In recent weeks, Amazon has found itself in an increasingly familiar position: playing catch-up in the AI space. The company’s late entry into generative AI technology, unveiled six weeks ago, has caused a stir among AWS (Amazon Web Services) cloud customers, many of whom are still waiting for an opportunity to test the product.

Amazon’s generative AI model mirrors OpenAI’s ChatGPT in its capacity to generate text or images by mining vast quantities of data. The announcement of Amazon’s venture into generative AI, however, has been met with skepticism, primarily because of the company’s uncharacteristically vague product launch.

AWS product launches usually garner glowing testimonials from multiple customers, while this launch included just one: Coda, a document-editing startup.

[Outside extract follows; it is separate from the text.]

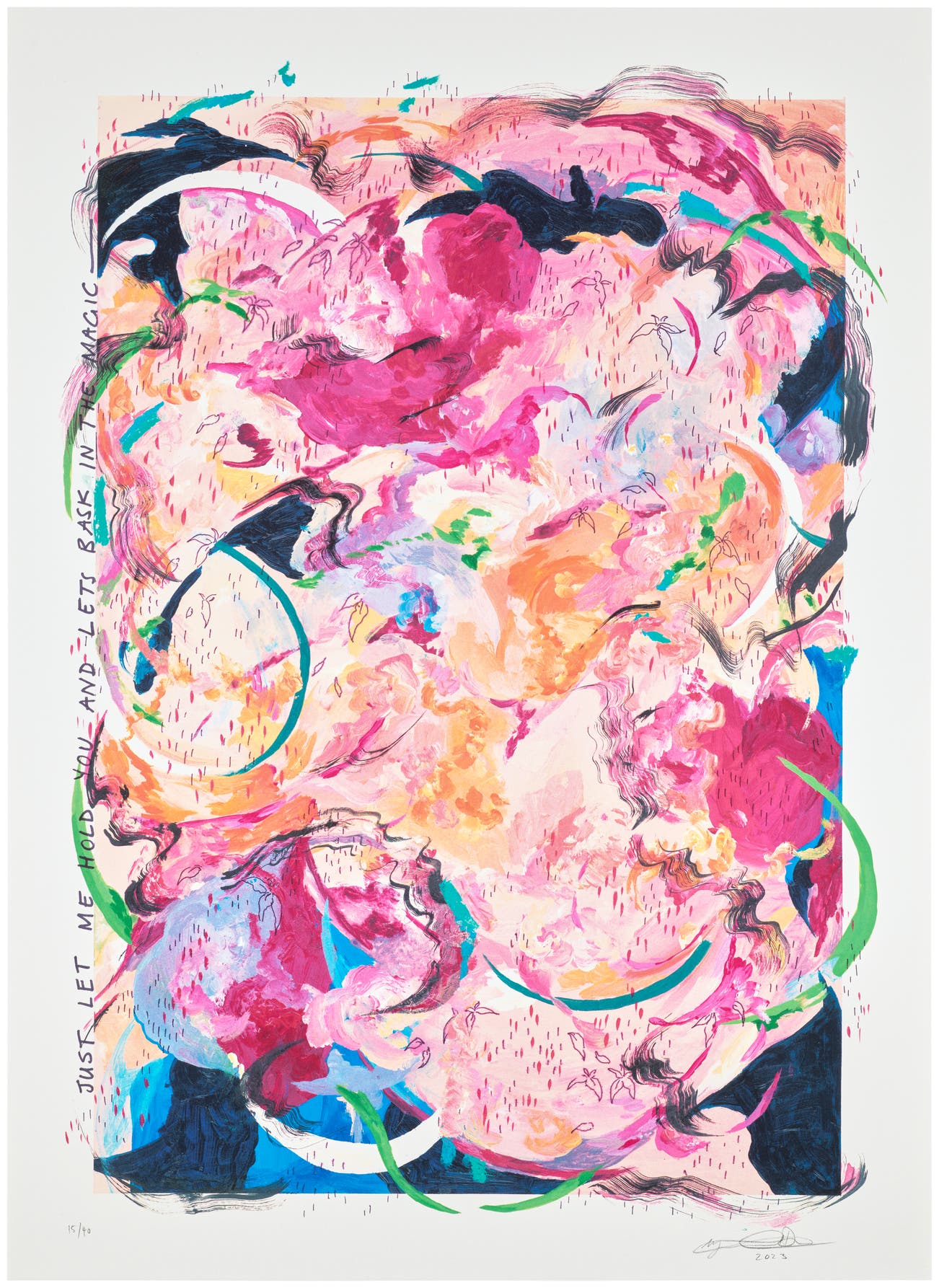 Screenprint in colors with high gloss varnish, on Somerset paper, with full margins.

Coda’s CEO, Shishir Mehrota, awarded Amazon’s technology an “incomplete” grade, highlighting that it was still “fairly early” in its development phase.

Amazon’s late entry into the generative AI arena has fueled speculation that the company launched the AI tools to quell perceptions of falling behind cloud competitors, namely Microsoft and Alphabet Inc.’s Google. Both these companies are already leveraging generative AI to enhance their products, revolutionizing the landscape of computing despite the technology’s current raw and error-prone nature.

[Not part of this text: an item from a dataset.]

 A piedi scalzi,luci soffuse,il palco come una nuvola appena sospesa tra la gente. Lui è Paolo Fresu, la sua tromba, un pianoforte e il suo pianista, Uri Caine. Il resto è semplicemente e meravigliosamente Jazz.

However, Matt Wood, an AWS vice president of product, refuted the notion that Amazon’s AI software was incomplete or rushed. He stressed that the product was new and designed to allow select customers to test it and provide feedback.

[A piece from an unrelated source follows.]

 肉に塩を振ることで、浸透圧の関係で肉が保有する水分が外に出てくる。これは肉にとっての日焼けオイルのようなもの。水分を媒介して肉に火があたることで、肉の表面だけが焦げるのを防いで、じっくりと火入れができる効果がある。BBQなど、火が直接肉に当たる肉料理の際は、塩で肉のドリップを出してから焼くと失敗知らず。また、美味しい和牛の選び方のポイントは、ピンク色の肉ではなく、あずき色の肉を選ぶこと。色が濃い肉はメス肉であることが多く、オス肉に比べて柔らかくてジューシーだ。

Despite this, some industry insiders remain skeptical. Corey Quinn, the chief cloud economist at the Duckbill Group, described Amazon’s offering as seeming like “vaporware,” a term used to label products that are advertised before they are finished and may never see the light of day.

Despite these criticisms, it’s crucial not to underestimate Amazon’s potential in this space. The company boasts deep expertise in artificial intelligence, employing it across an array of tasks. AI is pivotal in managing stock levels, planning delivery routes, identifying faces in images or videos, and extracting text from medical records, among other applications.

However, some insiders argue that Amazon’s customer-focused approach often overlooks the kind of pure research carried out by competitors like OpenAI, Microsoft, and Google, which can lead to breakthroughs like ChatGPT.

In response to the ChatGPT hype, Amazon announced a new AWS service called Bedrock. This allows companies to access models built by Amazon partners and two of its own large language models, known as Titan. One model mirrors Amazon’s product search team’s approach, and the other resembles ChatGPT, summarizing content and composing emails or blog posts.

Despite this progress, most customers are still unable to test the technology, as they require Amazon’s approval—a departure from the company’s typical broad-access policy.

While some companies have secured deals to use the services, including Deloitte, 3M, and Royal Philips NV, it remains unclear when wider access to the technology will be granted.

In an interesting twist, Royal Philips NV has indicated it’s experimenting with ChatGPT, suggesting Amazon’s late entry into generative AI could potentially risk losing clients to more advanced offerings from other cloud providers.

Amazon’s journey into the generative AI market may be off to a rocky start, but with the company’s deep expertise and competitive spirit, it’s too soon to discount its potential impact in this space.